WHAT TO PRODUCE
Retype exactly the span of lines below from the one with "Gartenmöbel, Parkplatz, Trampolin" through the one with "907. За шоколадку". Do not include pictures.

[RECORDS FOR THIS EXERCISE]

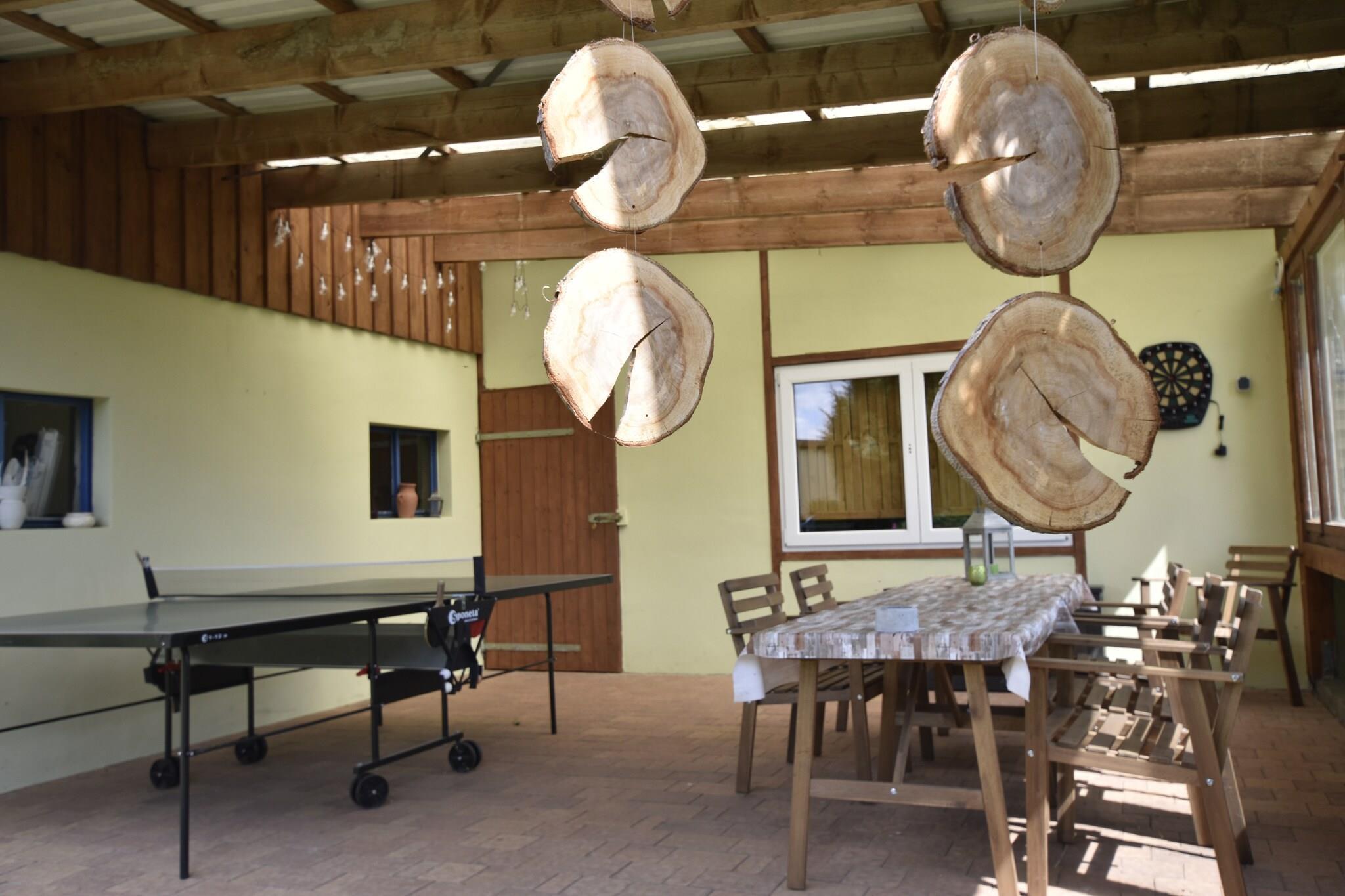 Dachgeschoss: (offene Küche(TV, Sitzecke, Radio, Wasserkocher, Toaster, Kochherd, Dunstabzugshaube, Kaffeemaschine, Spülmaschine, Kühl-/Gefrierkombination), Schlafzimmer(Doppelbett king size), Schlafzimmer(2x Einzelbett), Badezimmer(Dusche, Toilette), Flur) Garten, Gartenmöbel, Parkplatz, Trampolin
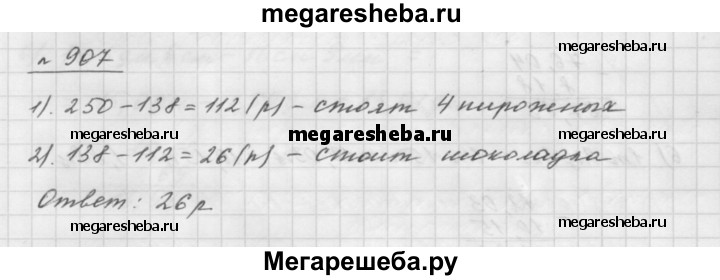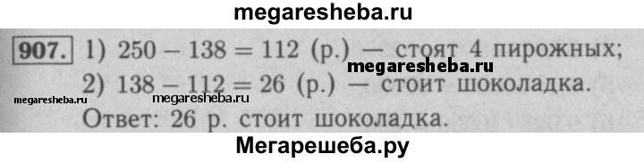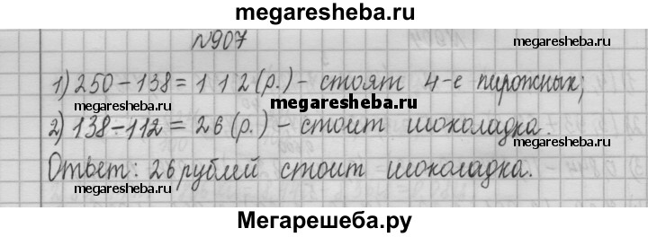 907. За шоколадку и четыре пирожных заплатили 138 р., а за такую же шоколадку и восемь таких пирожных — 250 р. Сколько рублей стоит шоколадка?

[/RECORDS FOR THIS EXERCISE]
[RECORDS FOR THIS EXERCISE]

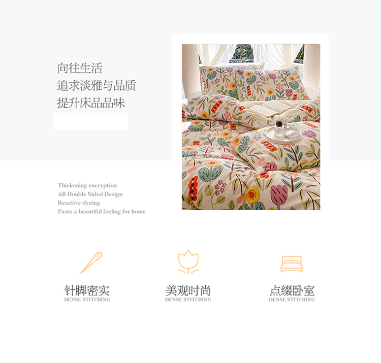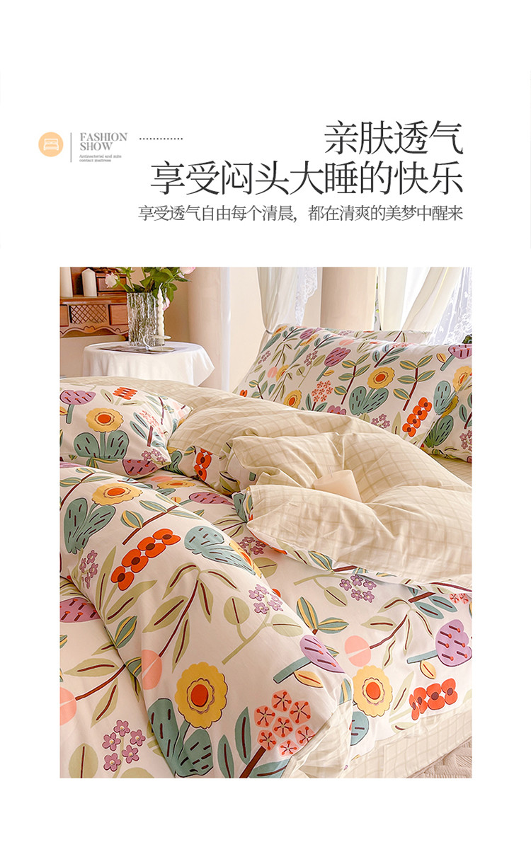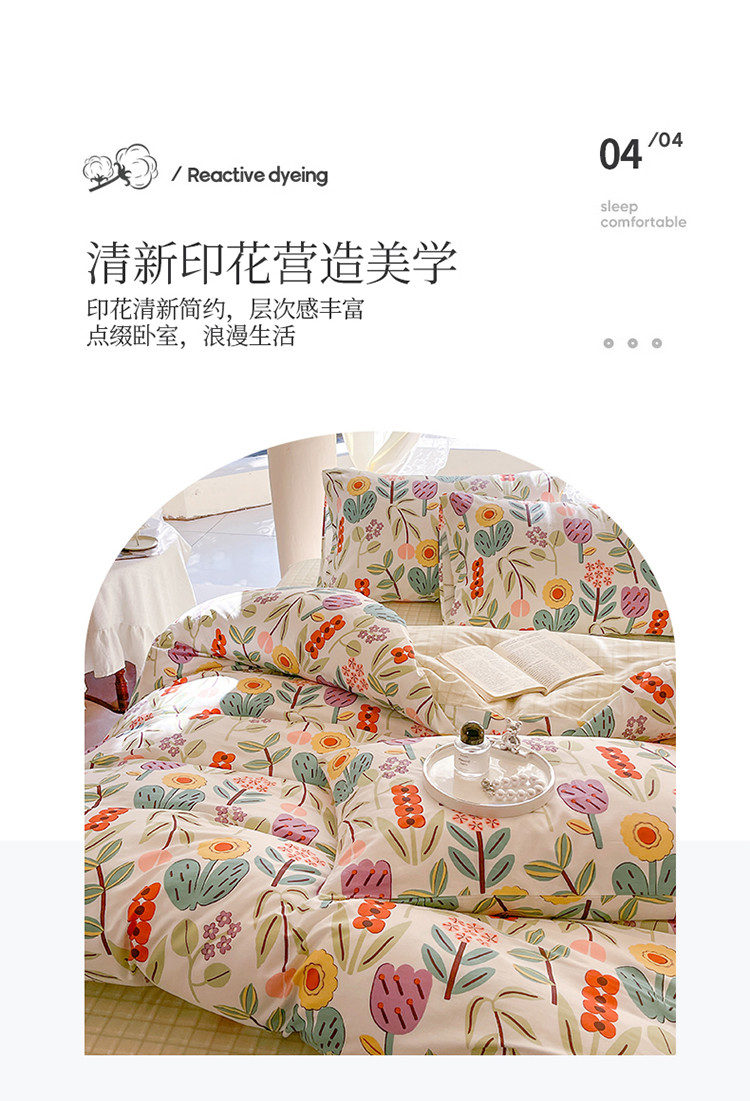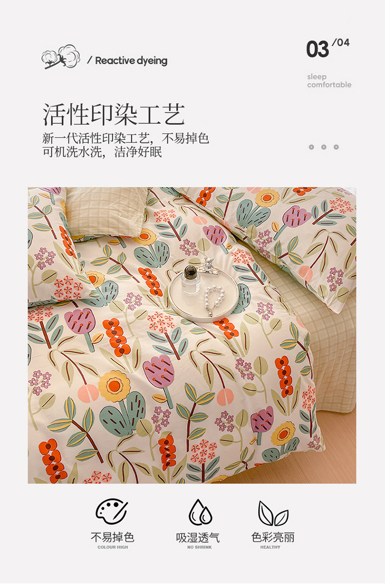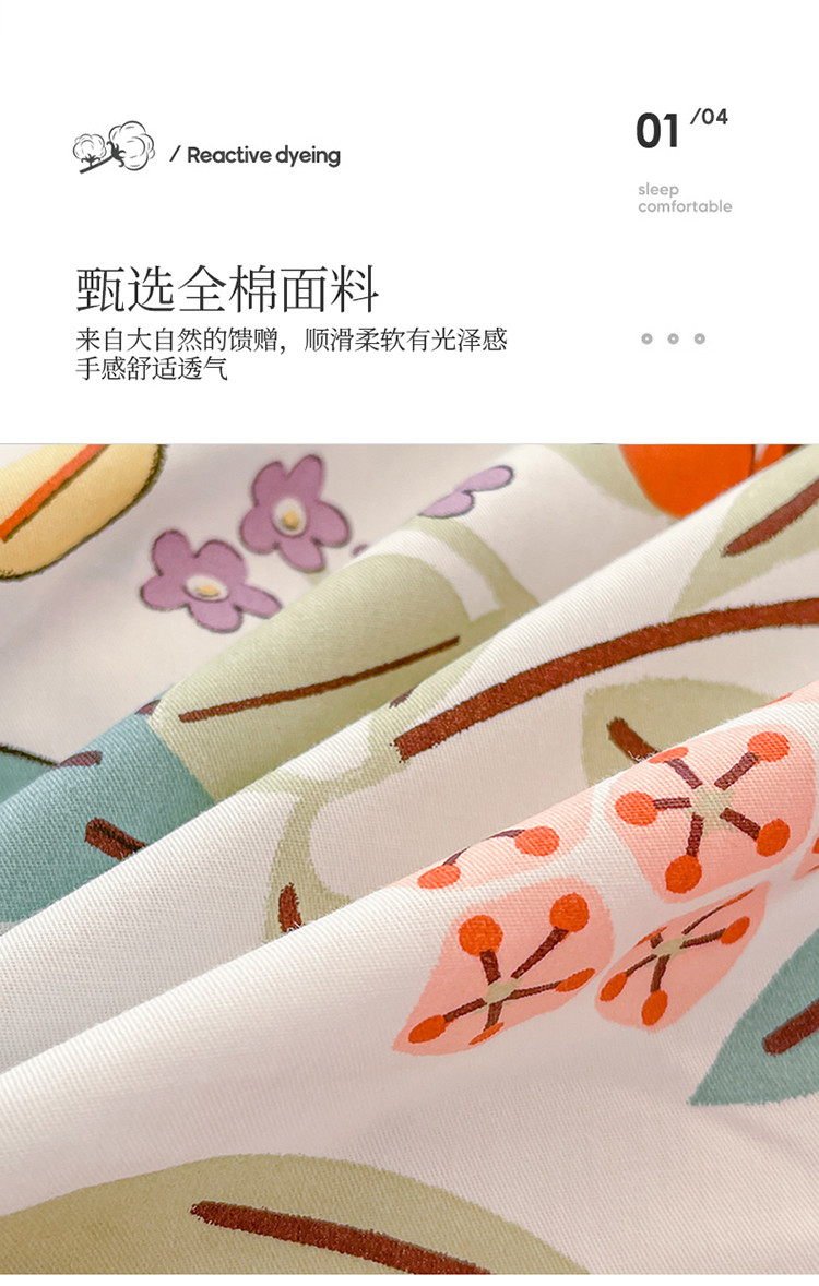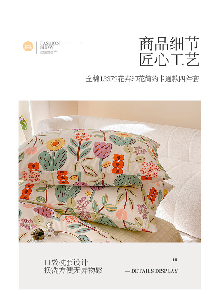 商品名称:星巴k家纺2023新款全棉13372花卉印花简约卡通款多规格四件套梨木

[/RECORDS FOR THIS EXERCISE]
[RECORDS FOR THIS EXERCISE]

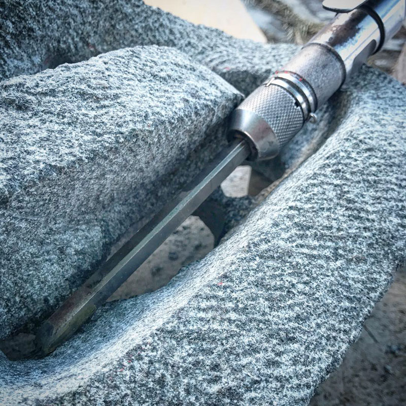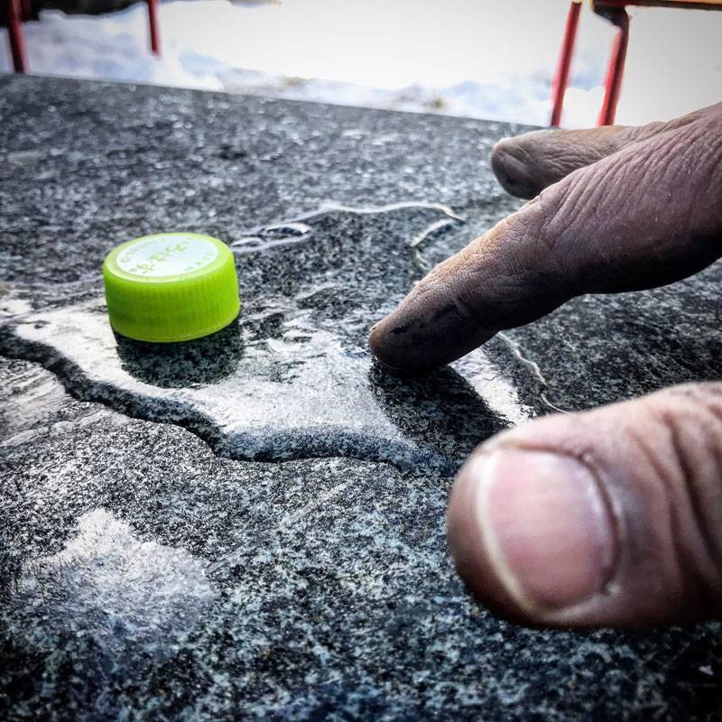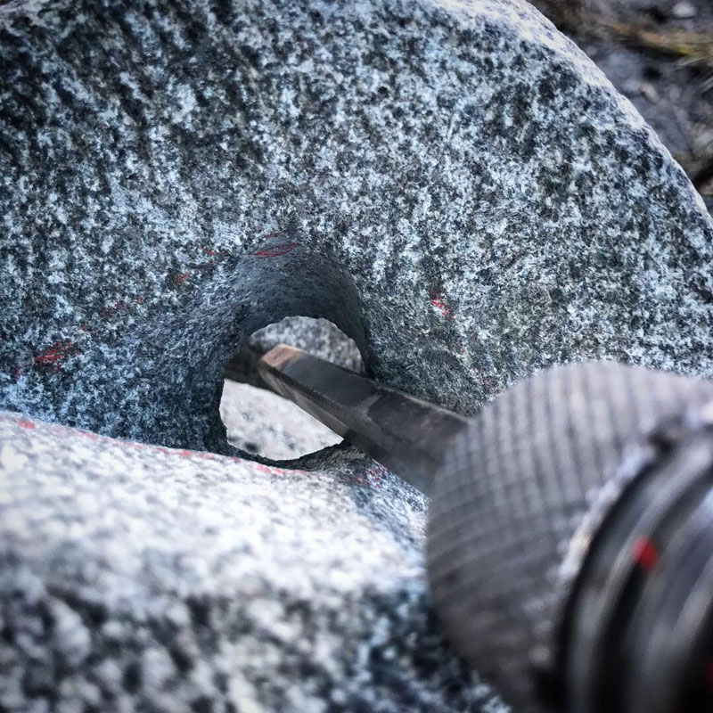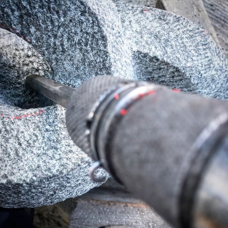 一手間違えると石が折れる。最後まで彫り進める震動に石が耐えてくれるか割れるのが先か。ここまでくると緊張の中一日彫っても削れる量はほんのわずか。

[/RECORDS FOR THIS EXERCISE]

EXERCISE RESPONSE
 Dachgeschoss: (offene Küche(TV, Sitzecke, Radio, Wasserkocher, Toaster, Kochherd, Dunstabzugshaube, Kaffeemaschine, Spülmaschine, Kühl-/Gefrierkombination), Schlafzimmer(Doppelbett king size), Schlafzimmer(2x Einzelbett), Badezimmer(Dusche, Toilette), Flur) Garten, Gartenmöbel, Parkplatz, Trampolin
 907. За шоколадку и четыре пирожных заплатили 138 р., а за такую же шоколадку и восемь таких пирожных — 250 р. Сколько рублей стоит шоколадка?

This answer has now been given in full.